Copy out the data that comes next, character for character, and leave the images aside.

BEGIN Data for this exercise

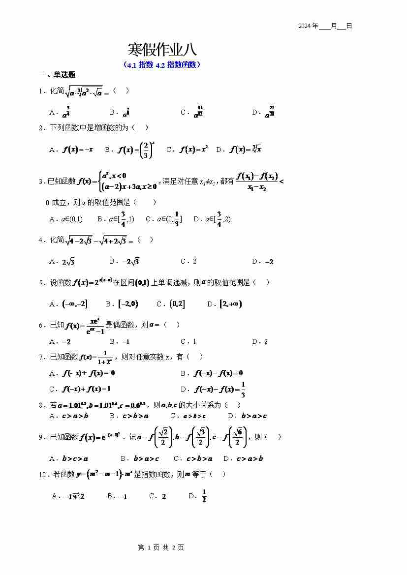 寒假作业8(学生版)
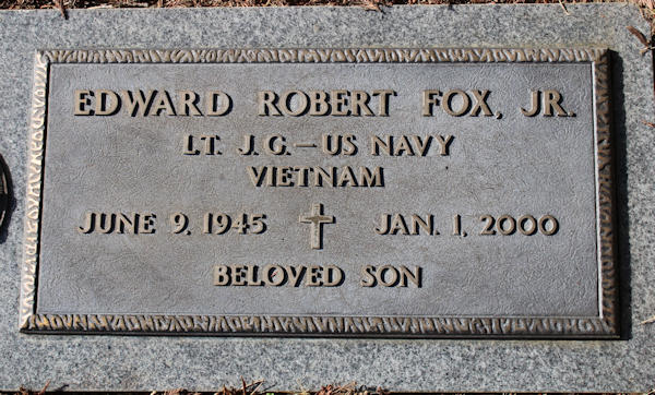 Birth Born on June 09, 1945 in Hayesville, Marion Co., OR Death Died on January 01, 2000 Buried in Hughson, Stanislaus Co., CA Marriages MELHAFF, Lorna Ann Married on 1977 in San Joaquin Co., CA Notes Military Service: Vietnam US Navy Lieutenant JG Sources Findagrave.com: https://www.findagrave.com/memorial/221914465/edward-robert-fox Images Edward Fox
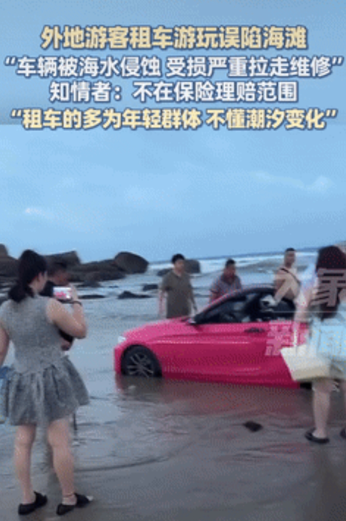 心不是一般的大!福建福州,一外地游客租跑车去海边玩,结果陷进沙滩里出不来,车辆被海水侵蚀,受损严重被拉走维修,有知情人透露,不在保险理赔范围内!网友:这下租车行老板笑开花了! 据大象新闻7月27日的报道,事情发生在福州的一处开放海滩,有外地的游客来这边游玩时,租了一辆跑车。 随后该游客可能是想近距离看看海景,于是就把车直接开上了沙滩,结果因不熟悉潮汐的变化,直接就陷进沙滩里出不来了。 当时也有些热心的群众过来帮忙,试着将车从沙子里推出来,可惜没能成功,此时海水也开始慢慢涨潮。 没过多长时间,车辆的整个底盘都已经被海水给淹没,直到后面才被弄出来,接着就被拖车拉走检修区了。 事后检查发现,这辆车受损相当严重,底盘被海水侵蚀的很严重,发动机舱里还有很多的泥沙。 最麻烦的是,这种情况并不在保险理赔的范围内,也就意味着所有的维修费,是要游客自己承担的, 虽然不知道那辆车的具体型号,但既然是跑车,价格肯定会贵些,如今出了这种事,修车为少说都要好几万,甚至是更多。 现在很多年轻人租车自驾游,觉得方便又自由,但他们往往忽略了风险,特别是对陌生环境的潜在危险缺乏认识。 例如海边、山路这些特殊地形,都有自己的规律,不熟悉的人很容易出事,就像这次,游客可能觉得沙滩和普通路面没什么区别,结果付出了惨痛代价。 所以说,不管是处于什么样的心理,想开车到海边玩,可以提前查好潮汐时间表,这个在网上都能查到,免得出现意外状况。 实在不行,就别把车开到沙滩上,很多海滩都明确禁止车辆进入,保险公司不是慈善机构,合同里没写的他们肯定不会赔。 大家出去玩图的是开心,但安全这根弦什么时候都不能松,自然不会因为你是游客就网开一面,该涨潮的时候一分钟都不会晚。 信息来源:大象新闻 《外地游客租车游玩误陷海滩,知情者车辆被海水侵蚀拉走维修,不在保险理赔范围》2025-7-27
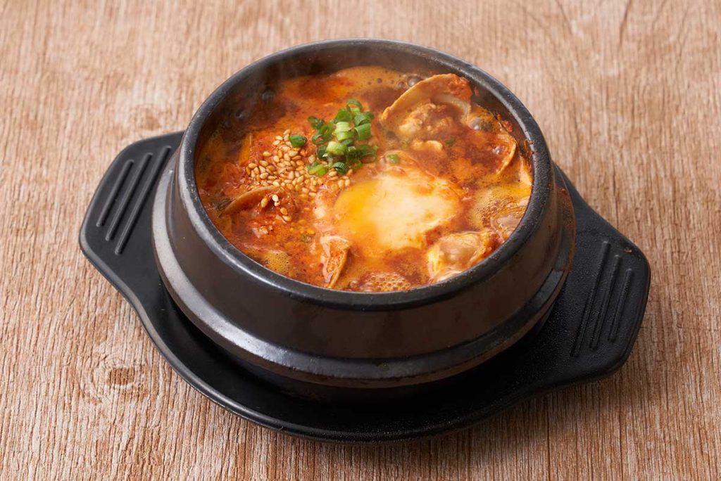 「あさりスンドゥブ」(462円)。あさりの出汁と辛味、玉子が最高の組み合わせですよ!
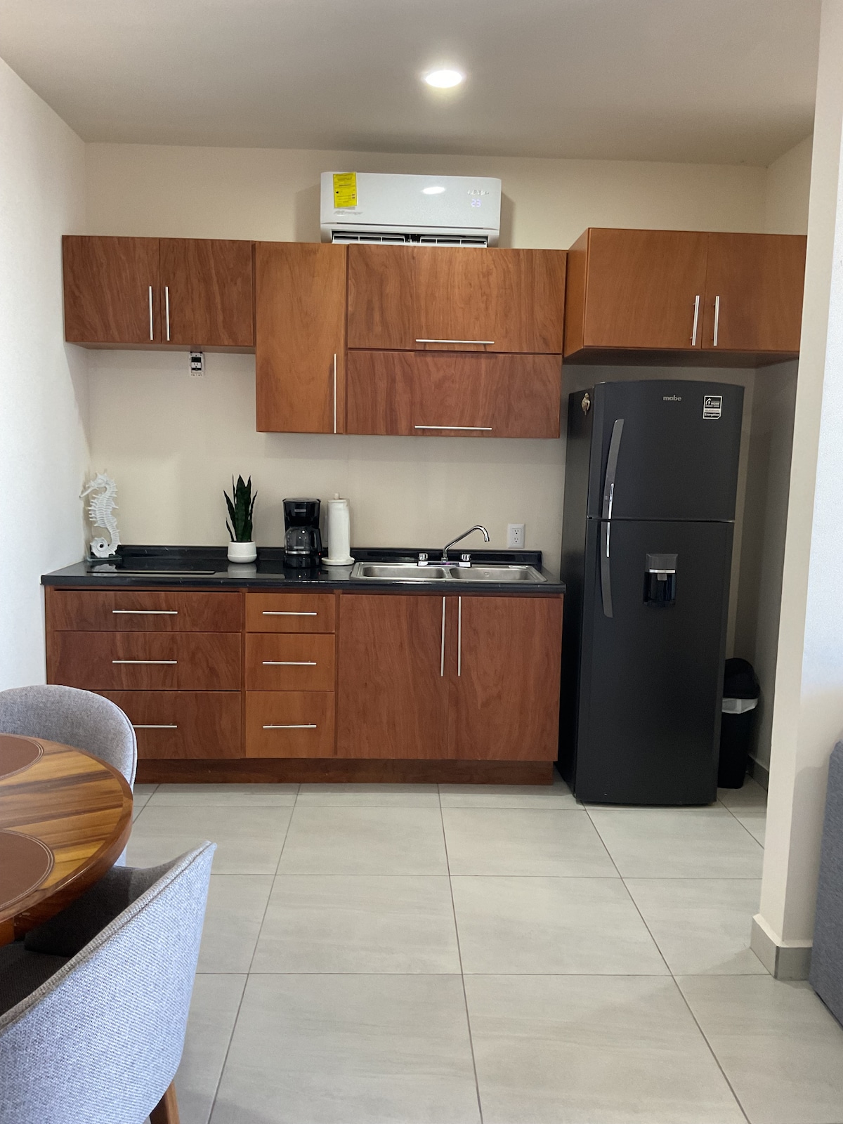 Múscail le fuaim na dtonnta san árasán seo ar imeall na trá in Playa Novillero, áit a bhfuil ceann de na tránna is faide agus is sláine i Meicsiceo. Agus rochtain dhíreach ar an trá aige, is fíor-saoire cois cósta é seo—áit a mbeidh an turas mar chuid den eachtra agus tú ag tiomáint feadh imeall na trá chun an réadmhaoin a bhaint amach. Bain sult as radhairc lánléargais ar an aigéan ón lochtán dín, nó faigh fuarú sa linn snámha úr. Is é an suíomh foirfe é do dhuine ar bith atá ag lorg suaimhnis agus áilleacht nádúrtha.
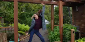Margaret Qualley happy dance

END Data for this exercise

__Answer to the exercise__:
 寒假作业8(学生版)
 Birth Born on June 09, 1945 in Hayesville, Marion Co., OR Death Died on January 01, 2000 Buried in Hughson, Stanislaus Co., CA Marriages MELHAFF, Lorna Ann Married on 1977 in San Joaquin Co., CA Notes Military Service: Vietnam US Navy Lieutenant JG Sources Findagrave.com: https://www.findagrave.com/memorial/221914465/edward-robert-fox Images Edward Fox
 心不是一般的大!福建福州,一外地游客租跑车去海边玩,结果陷进沙滩里出不来,车辆被海水侵蚀,受损严重被拉走维修,有知情人透露,不在保险理赔范围内!网友:这下租车行老板笑开花了! 据大象新闻7月27日的报道,事情发生在福州的一处开放海滩,有外地的游客来这边游玩时,租了一辆跑车。 随后该游客可能是想近距离看看海景,于是就把车直接开上了沙滩,结果因不熟悉潮汐的变化,直接就陷进沙滩里出不来了。 当时也有些热心的群众过来帮忙,试着将车从沙子里推出来,可惜没能成功,此时海水也开始慢慢涨潮。 没过多长时间,车辆的整个底盘都已经被海水给淹没,直到后面才被弄出来,接着就被拖车拉走检修区了。 事后检查发现,这辆车受损相当严重,底盘被海水侵蚀的很严重,发动机舱里还有很多的泥沙。 最麻烦的是,这种情况并不在保险理赔的范围内,也就意味着所有的维修费,是要游客自己承担的, 虽然不知道那辆车的具体型号,但既然是跑车,价格肯定会贵些,如今出了这种事,修车为少说都要好几万,甚至是更多。 现在很多年轻人租车自驾游,觉得方便又自由,但他们往往忽略了风险,特别是对陌生环境的潜在危险缺乏认识。 例如海边、山路这些特殊地形,都有自己的规律,不熟悉的人很容易出事,就像这次,游客可能觉得沙滩和普通路面没什么区别,结果付出了惨痛代价。 所以说,不管是处于什么样的心理,想开车到海边玩,可以提前查好潮汐时间表,这个在网上都能查到,免得出现意外状况。 实在不行,就别把车开到沙滩上,很多海滩都明确禁止车辆进入,保险公司不是慈善机构,合同里没写的他们肯定不会赔。 大家出去玩图的是开心,但安全这根弦什么时候都不能松,自然不会因为你是游客就网开一面,该涨潮的时候一分钟都不会晚。 信息来源:大象新闻 《外地游客租车游玩误陷海滩,知情者车辆被海水侵蚀拉走维修,不在保险理赔范围》2025-7-27
 「あさりスンドゥブ」(462円)。あさりの出汁と辛味、玉子が最高の組み合わせですよ!
 Múscail le fuaim na dtonnta san árasán seo ar imeall na trá in Playa Novillero, áit a bhfuil ceann de na tránna is faide agus is sláine i Meicsiceo. Agus rochtain dhíreach ar an trá aige, is fíor-saoire cois cósta é seo—áit a mbeidh an turas mar chuid den eachtra agus tú ag tiomáint feadh imeall na trá chun an réadmhaoin a bhaint amach. Bain sult as radhairc lánléargais ar an aigéan ón lochtán dín, nó faigh fuarú sa linn snámha úr. Is é an suíomh foirfe é do dhuine ar bith atá ag lorg suaimhnis agus áilleacht nádúrtha.
Margaret Qualley happy dance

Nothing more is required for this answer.